EXERCISE BRIEF: Below are entries with pictures among them; reproduce exactly, and only, the lines from the one containing "数字化转型是一个长期的大型的" down to the one containing "LLTOP Underneath Cupboard", without the pictures.

STORED DATA:
* * * * * * *

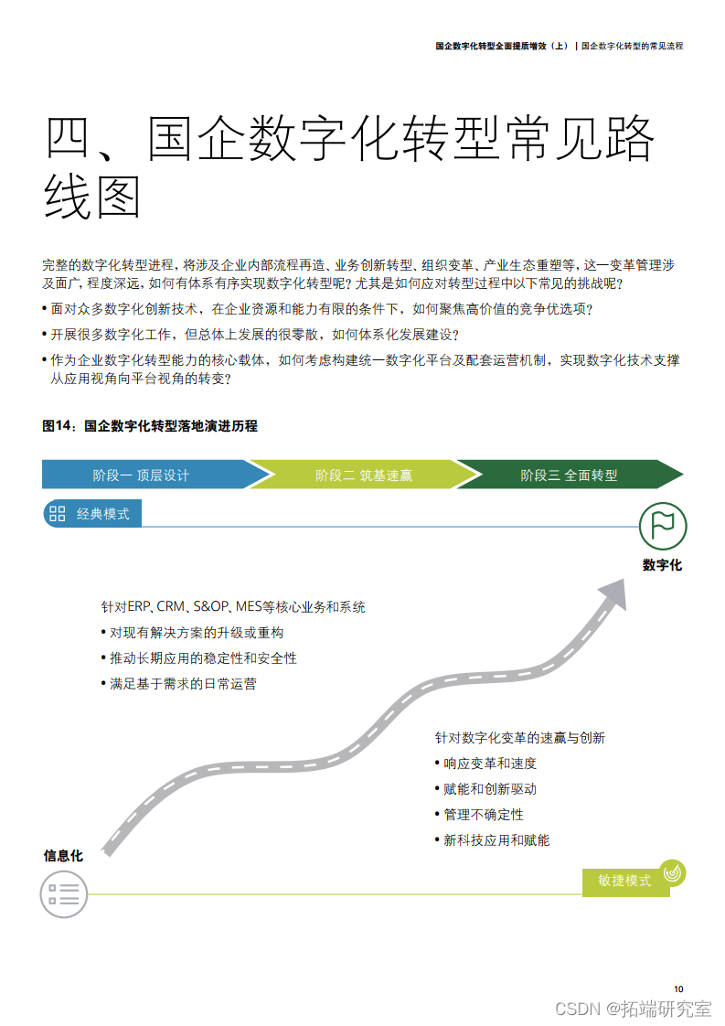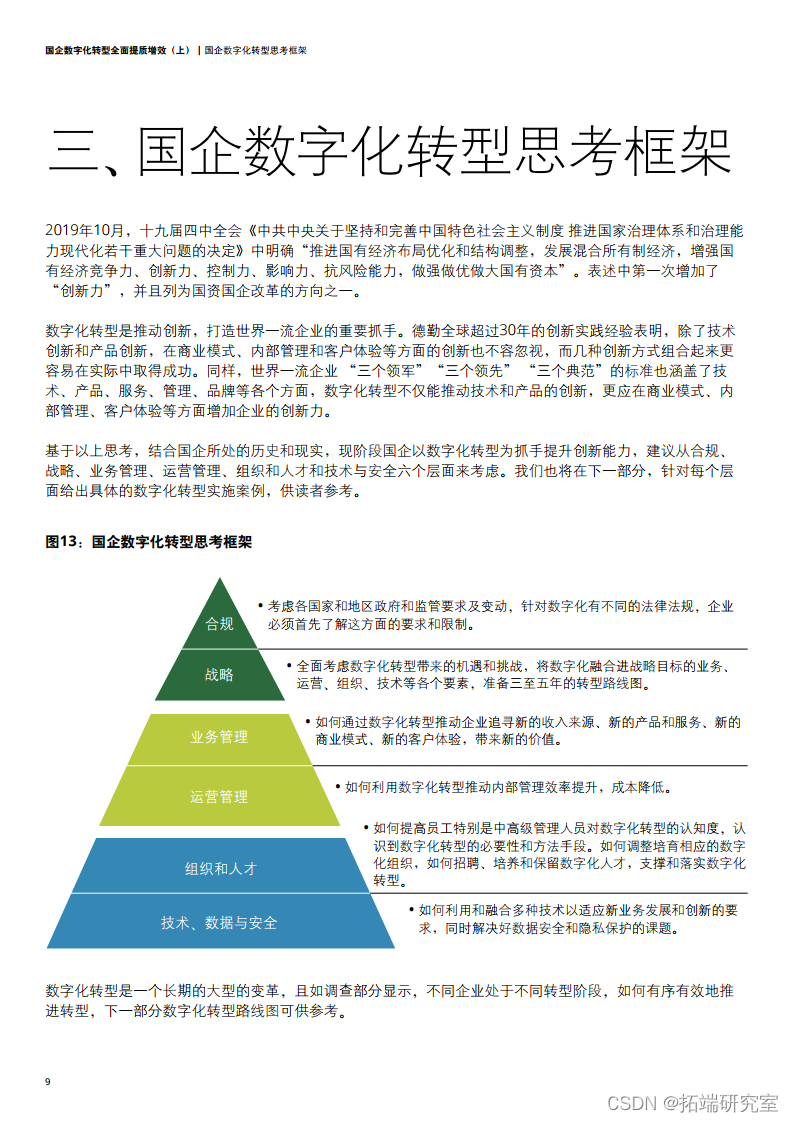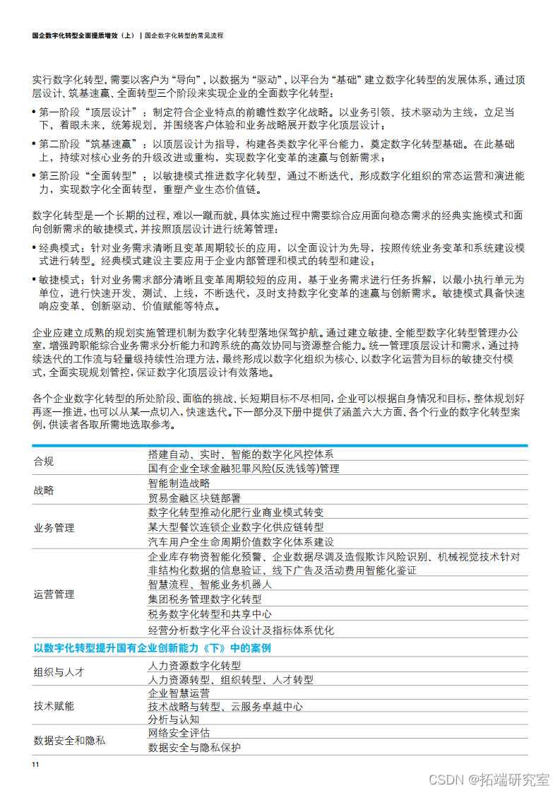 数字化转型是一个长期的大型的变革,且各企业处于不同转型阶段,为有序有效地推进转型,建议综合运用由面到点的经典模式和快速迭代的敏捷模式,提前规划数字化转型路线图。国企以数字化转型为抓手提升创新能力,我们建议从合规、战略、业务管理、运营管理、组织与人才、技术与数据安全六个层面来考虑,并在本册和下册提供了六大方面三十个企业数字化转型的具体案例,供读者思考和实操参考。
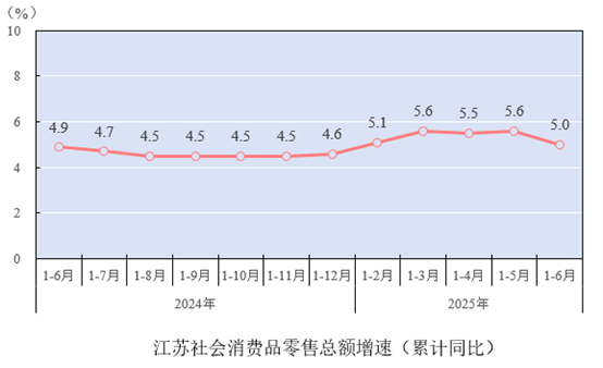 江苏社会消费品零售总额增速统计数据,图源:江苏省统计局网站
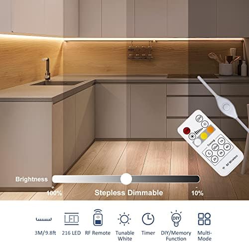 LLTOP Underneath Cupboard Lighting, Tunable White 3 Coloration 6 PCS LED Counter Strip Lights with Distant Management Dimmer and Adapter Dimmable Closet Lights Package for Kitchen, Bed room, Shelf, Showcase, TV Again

* * * * * * *

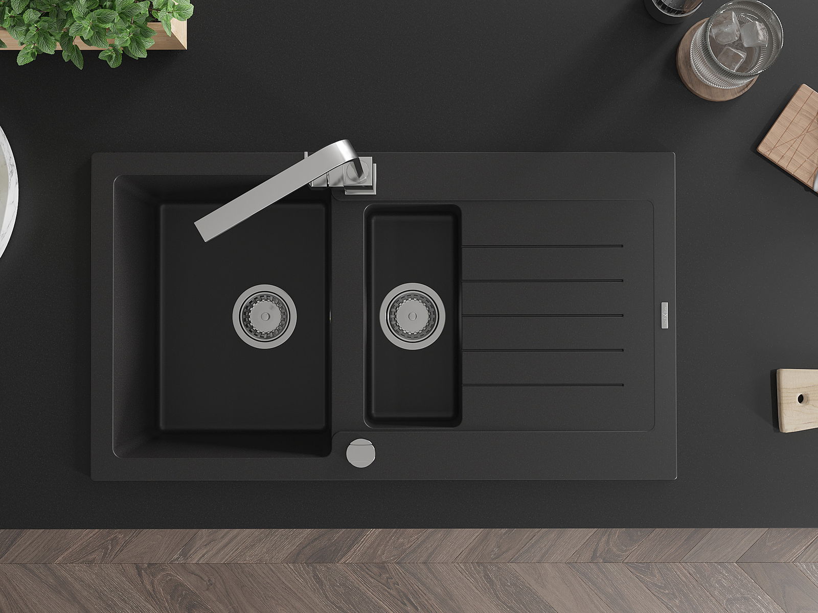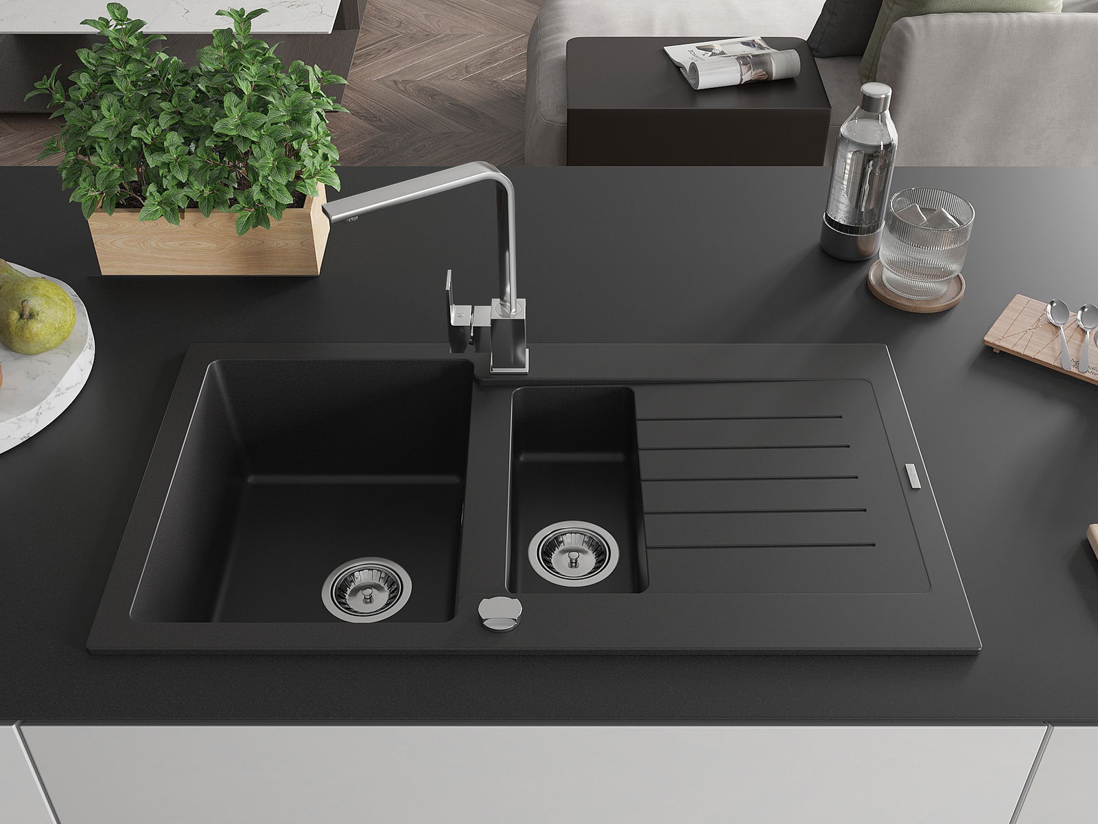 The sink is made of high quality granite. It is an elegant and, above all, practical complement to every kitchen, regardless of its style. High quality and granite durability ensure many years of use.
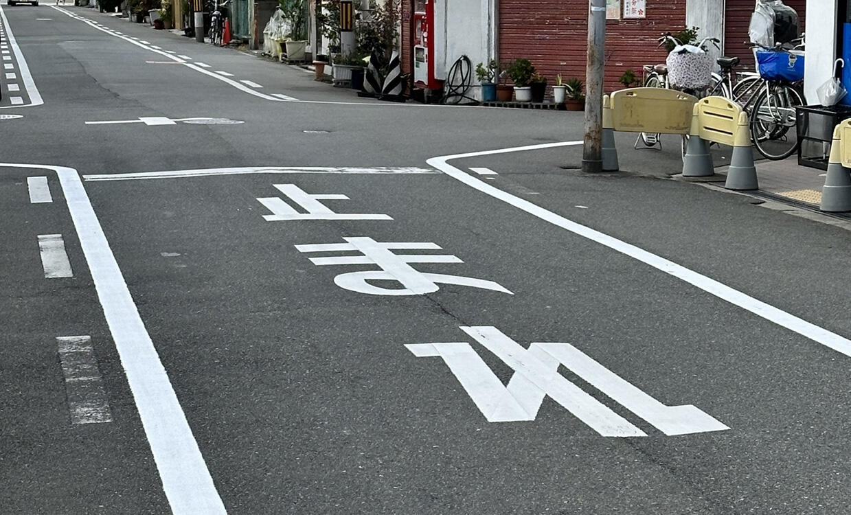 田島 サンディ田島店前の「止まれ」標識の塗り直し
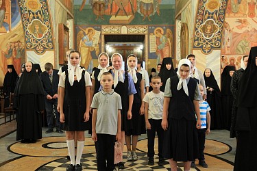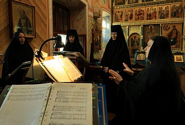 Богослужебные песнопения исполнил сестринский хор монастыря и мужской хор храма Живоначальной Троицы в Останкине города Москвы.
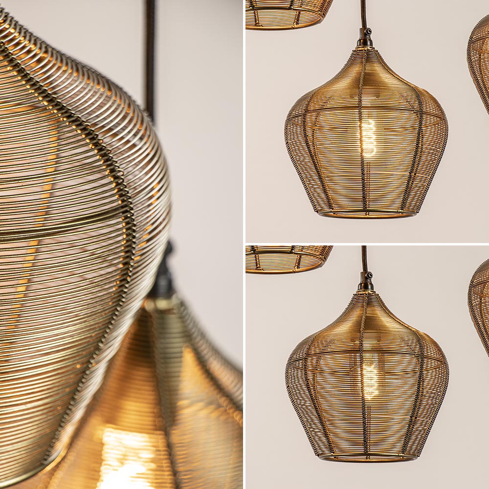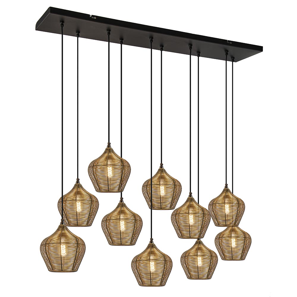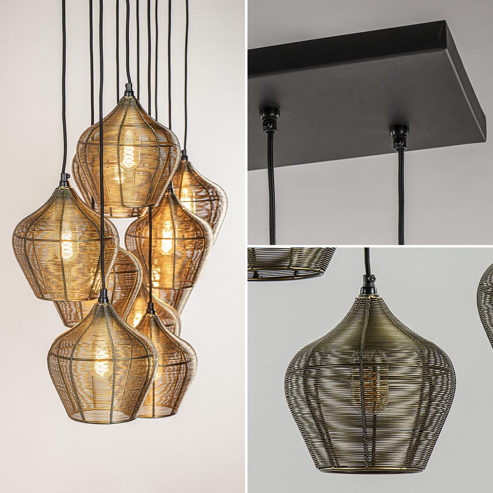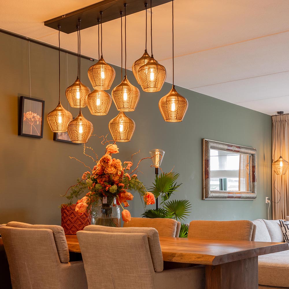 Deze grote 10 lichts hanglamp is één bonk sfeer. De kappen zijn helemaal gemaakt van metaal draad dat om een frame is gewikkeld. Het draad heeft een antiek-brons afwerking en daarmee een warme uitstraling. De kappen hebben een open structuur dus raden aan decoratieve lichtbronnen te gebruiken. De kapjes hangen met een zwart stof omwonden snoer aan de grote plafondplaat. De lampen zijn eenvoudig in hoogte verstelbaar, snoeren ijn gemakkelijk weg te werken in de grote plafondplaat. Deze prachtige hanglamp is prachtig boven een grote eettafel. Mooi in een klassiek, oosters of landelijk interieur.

* * * * * * *

YOUR RESPONSE:
 数字化转型是一个长期的大型的变革,且各企业处于不同转型阶段,为有序有效地推进转型,建议综合运用由面到点的经典模式和快速迭代的敏捷模式,提前规划数字化转型路线图。国企以数字化转型为抓手提升创新能力,我们建议从合规、战略、业务管理、运营管理、组织与人才、技术与数据安全六个层面来考虑,并在本册和下册提供了六大方面三十个企业数字化转型的具体案例,供读者思考和实操参考。
 江苏社会消费品零售总额增速统计数据,图源:江苏省统计局网站
 LLTOP Underneath Cupboard Lighting, Tunable White 3 Coloration 6 PCS LED Counter Strip Lights with Distant Management Dimmer and Adapter Dimmable Closet Lights Package for Kitchen, Bed room, Shelf, Showcase, TV Again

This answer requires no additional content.